Tuesday, January 25, 2011

So Much for Civility

So much for civility and respectful dialogue.  So much for stopping the personal attacks.  So much for the promises of heated debate without personal ranker.  Members of Congress and the talking heads that cover their every word had all agreed on at least one thing.  They agreed that while the vitriol and hate speech that filled our airwaves had not caused the tragedy in Tucson, words do matter and the rhetoric needed to be toned down.
Apparently Glenn Beck didn’t get the memo.
On a recent show he referred to liberals, specifically Nancy Pelosi, as “radicals” and “Marxists” and “revolutionaries”.  “If you listen to them they will lead you toward a totalitarian state”. 
Mr. Beck was just warming up.  “You are going to have to shoot them in the head or they are going to shoot you.”  Continuing: “You will have to shoot me in the forehead before I will let you step into my house and tell me how to raise my children.  You will have to shoot me in the forehead before you will take away my gun.  You will have to shoot me in the forehead before I acquiesce and become silent.”
Mr.

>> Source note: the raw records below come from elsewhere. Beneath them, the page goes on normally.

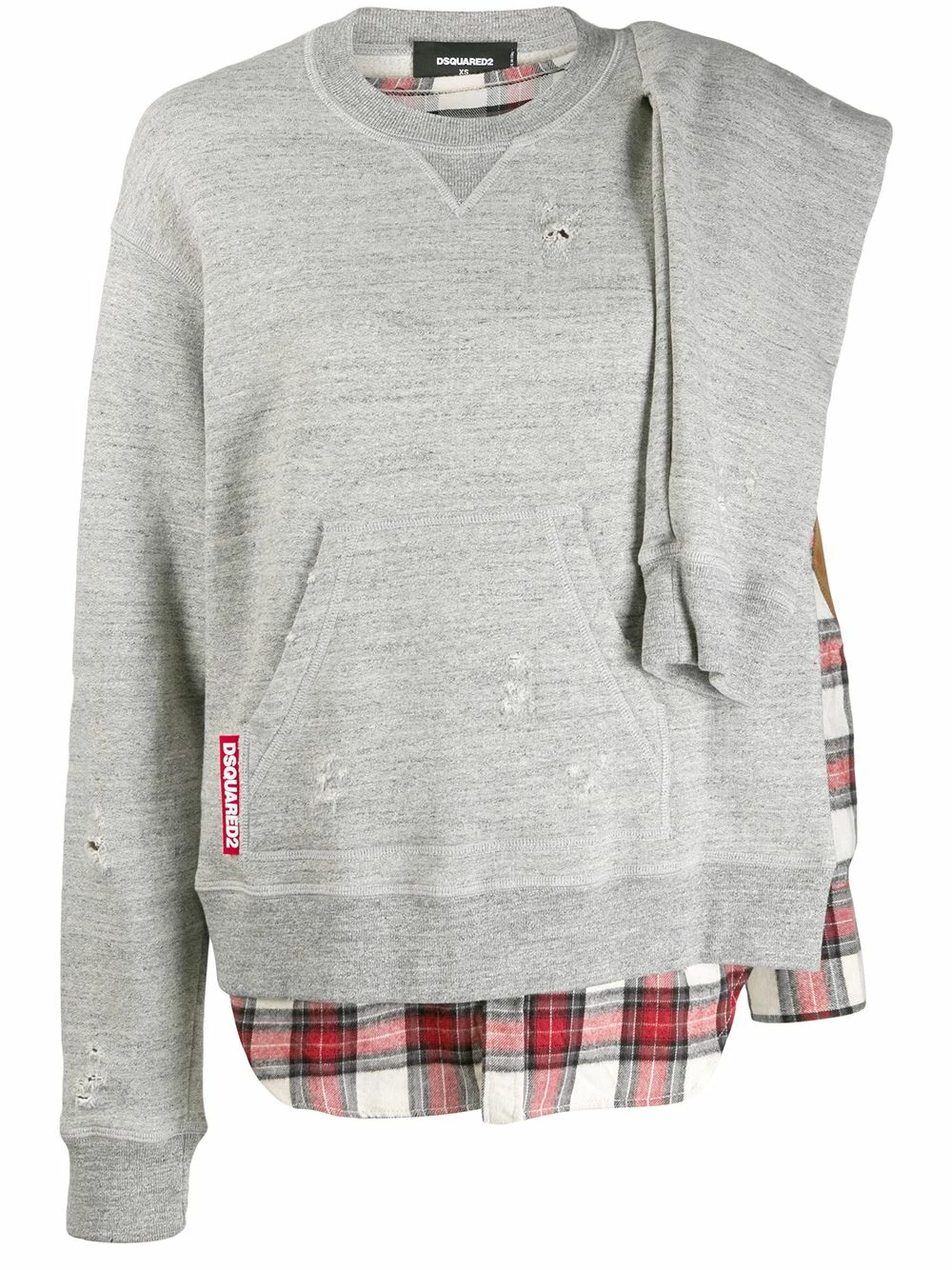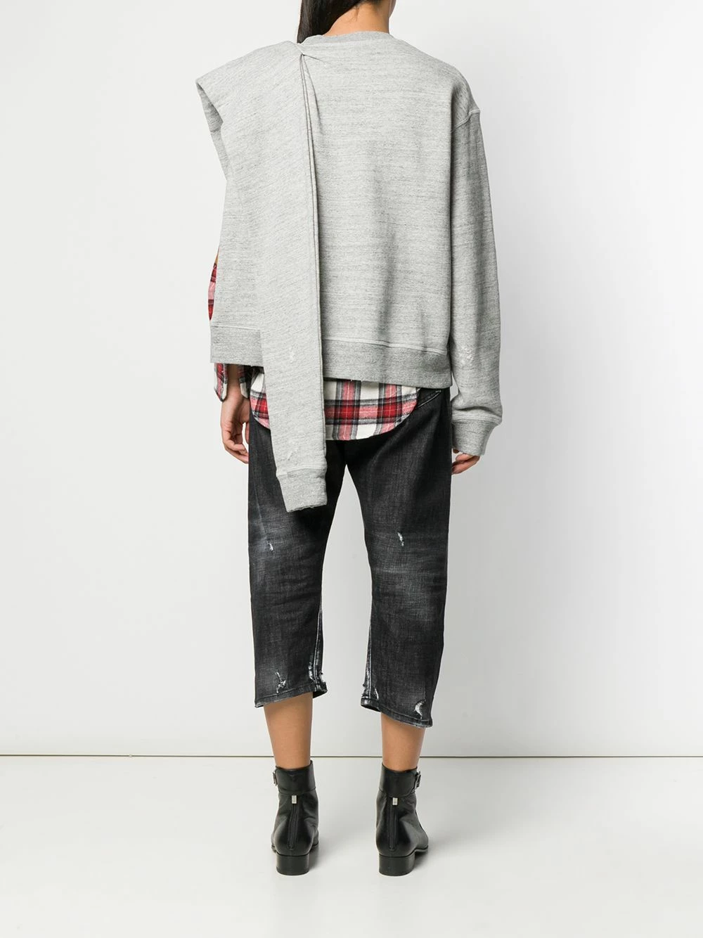 Sweat à design superposé en coton Dsquared2 avec encolure ronde, manches asymétriques, ourlet nervuré et design superposé. Couleur : gris.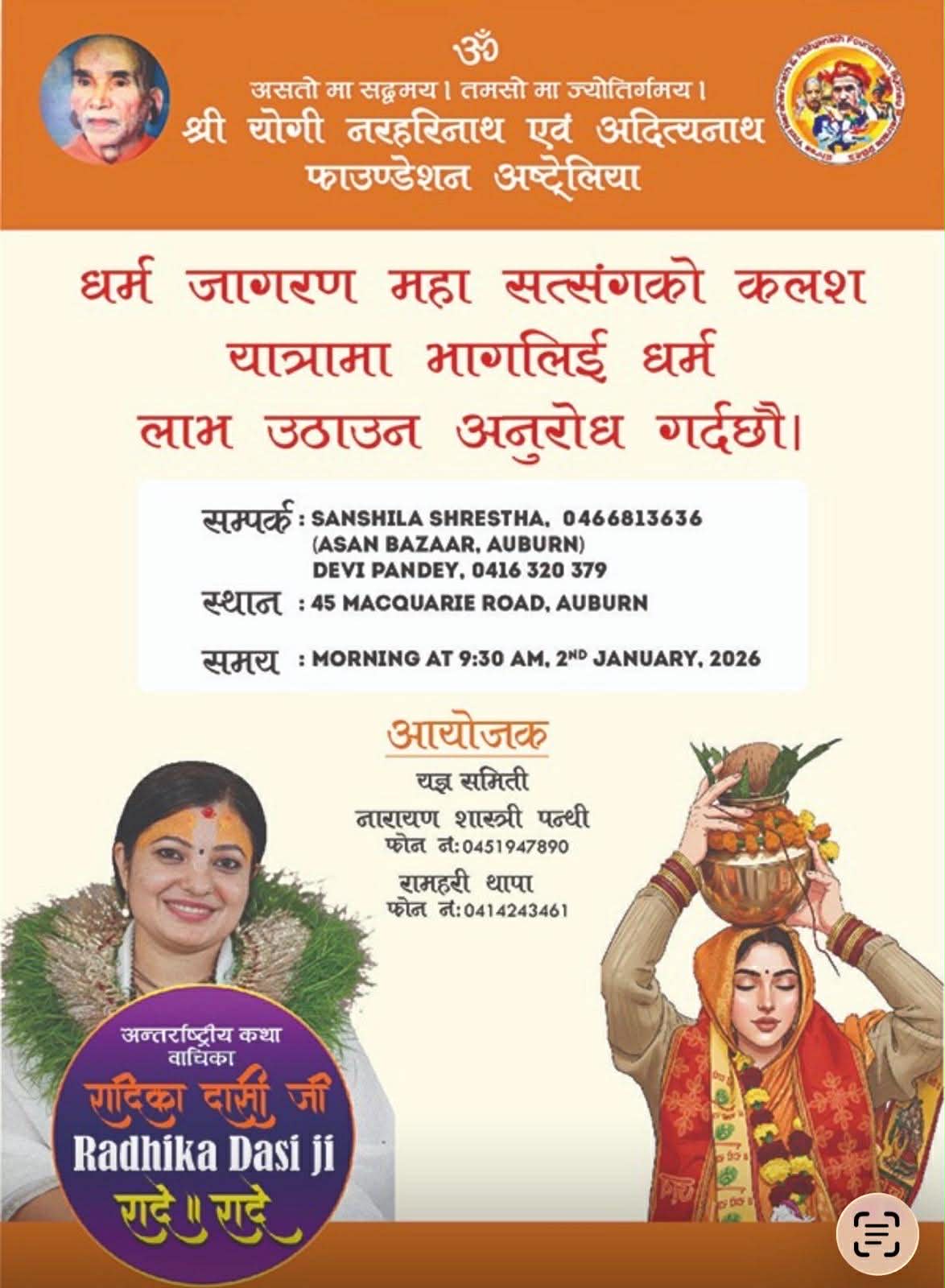 जनवरी २, ३ र ४ तारिखमा तीन दिनसम्म सञ्चालन हुने धार्मिक–सांस्कृतिक महोत्सवको शुभारम्भ सनातन हिन्दू परम्परा र संस्कारलाई जीवन्त बनाउने कलश यात्राबाट गरिने आयोजकले जानएको छ । कलश यात्रा 45 Macquarie Rd, Auburn बाट बिहान ९:३० बजे सुरु हुनेछ।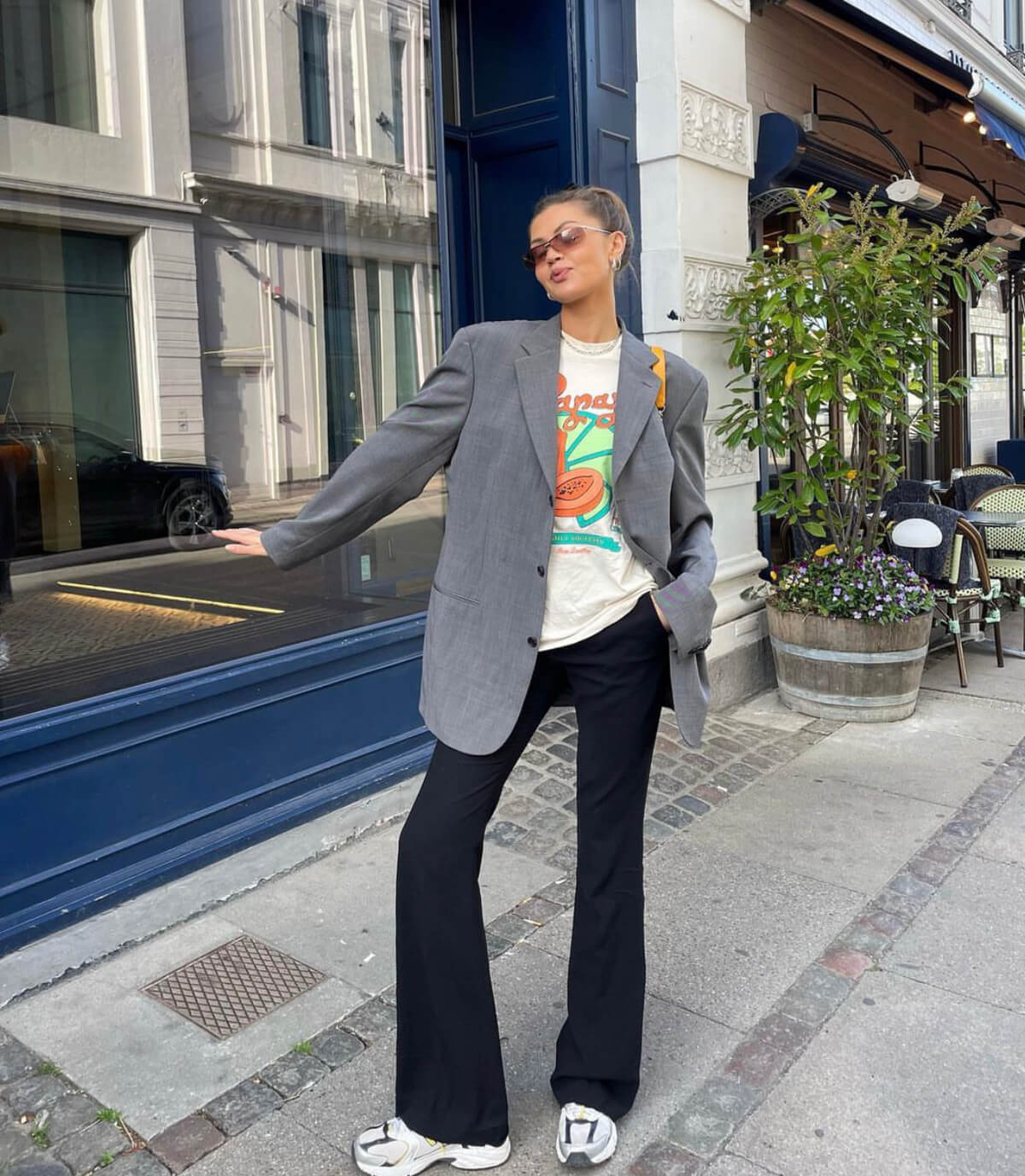 Office attire με αθλητική φόρμα: γίνεται; Κι όμως, γίνεται! Ειδικά όταν έχει τη μορφή καμπάνας και θυμίζει το κλασικό μαύρο παντελόνι. Αν διαθέτετε ένα τέτοιο fashion piece στη γκαρνταρόμπα σας, συνδυάστε το με ένα cool t-shirt σε oversized γραμμή κι ένα ανδρικό blazer και δημιουργήστε το πιο σύγχρονο office look.

Beck is not alone.  In the wake of the Tucson shooting there have been many, many more individuals who have expressed the need to include guns and violence in our political discourse.
Maybe we just can’t help ourselves. 
We are Americans!  We are three hundred million strong!  We are also a violent country.  We are the most heavily armed country in the world by far, well ahead of our closest competitor.  We have ninety guns for every one hundred citizens.   The internet and newspaper are filled with reports of hundreds of shootings and murders in our country each and every day.  At the risk of raising the ire of conservatives; Canada has thirty six million people.  They have ten million households and seven million guns.  That’s still a lot of guns per capita.  But somehow they only had two hundred murders last year.   
It is hard to understand why Mr. Beck and his ilk need to fill their commentary with gun references in order to make their point.  Maybe it’s an “American thing”.  Psychiatrists would have a field day finding the answer.